▶ **Work to be completed**: Pull out every line with the word "新iPad" from the entries below.

● ● ● ● ● ● ●

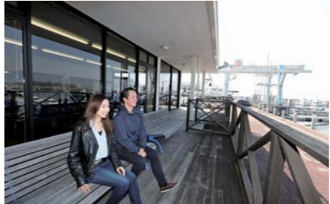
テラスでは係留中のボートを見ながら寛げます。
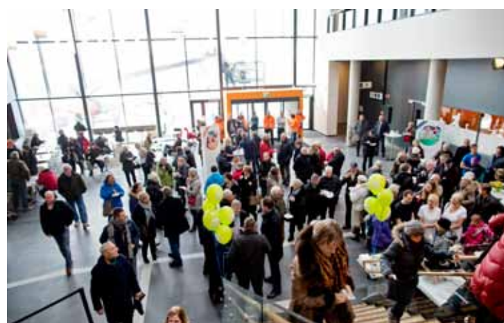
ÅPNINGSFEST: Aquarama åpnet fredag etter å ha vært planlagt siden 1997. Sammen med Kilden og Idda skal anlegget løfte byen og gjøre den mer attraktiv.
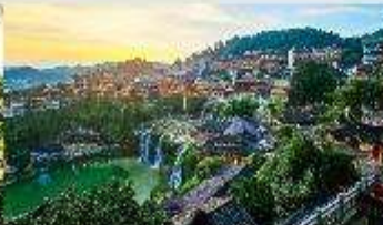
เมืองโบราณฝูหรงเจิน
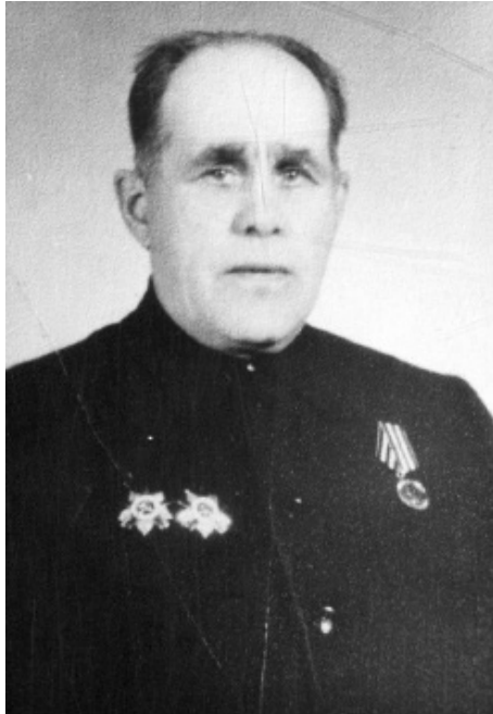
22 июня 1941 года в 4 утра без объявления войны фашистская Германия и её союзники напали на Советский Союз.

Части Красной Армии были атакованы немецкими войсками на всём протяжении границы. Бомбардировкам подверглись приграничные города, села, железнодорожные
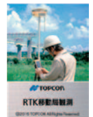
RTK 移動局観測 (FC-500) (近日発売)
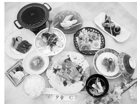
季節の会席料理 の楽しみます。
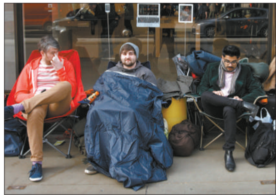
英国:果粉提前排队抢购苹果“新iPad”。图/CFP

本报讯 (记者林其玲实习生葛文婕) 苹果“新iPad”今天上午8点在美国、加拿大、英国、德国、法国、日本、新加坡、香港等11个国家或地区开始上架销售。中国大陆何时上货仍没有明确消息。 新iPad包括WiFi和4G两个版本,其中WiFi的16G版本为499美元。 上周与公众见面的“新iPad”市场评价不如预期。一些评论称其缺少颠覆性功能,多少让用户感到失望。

● ● ● ● ● ● ●

▶ **Solved problem**:
英国:果粉提前排队抢购苹果“新iPad”。图/CFP
本报讯 (记者林其玲实习生葛文婕) 苹果“新iPad”今天上午8点在美国、加拿大、英国、德国、法国、日本、新加坡、香港等11个国家或地区开始上架销售。中国大陆何时上货仍没有明确消息。 新iPad包括WiFi和4G两个版本,其中WiFi的16G版本为499美元。 上周与公众见面的“新iPad”市场评价不如预期。一些评论称其缺少颠覆性功能,多少让用户感到失望。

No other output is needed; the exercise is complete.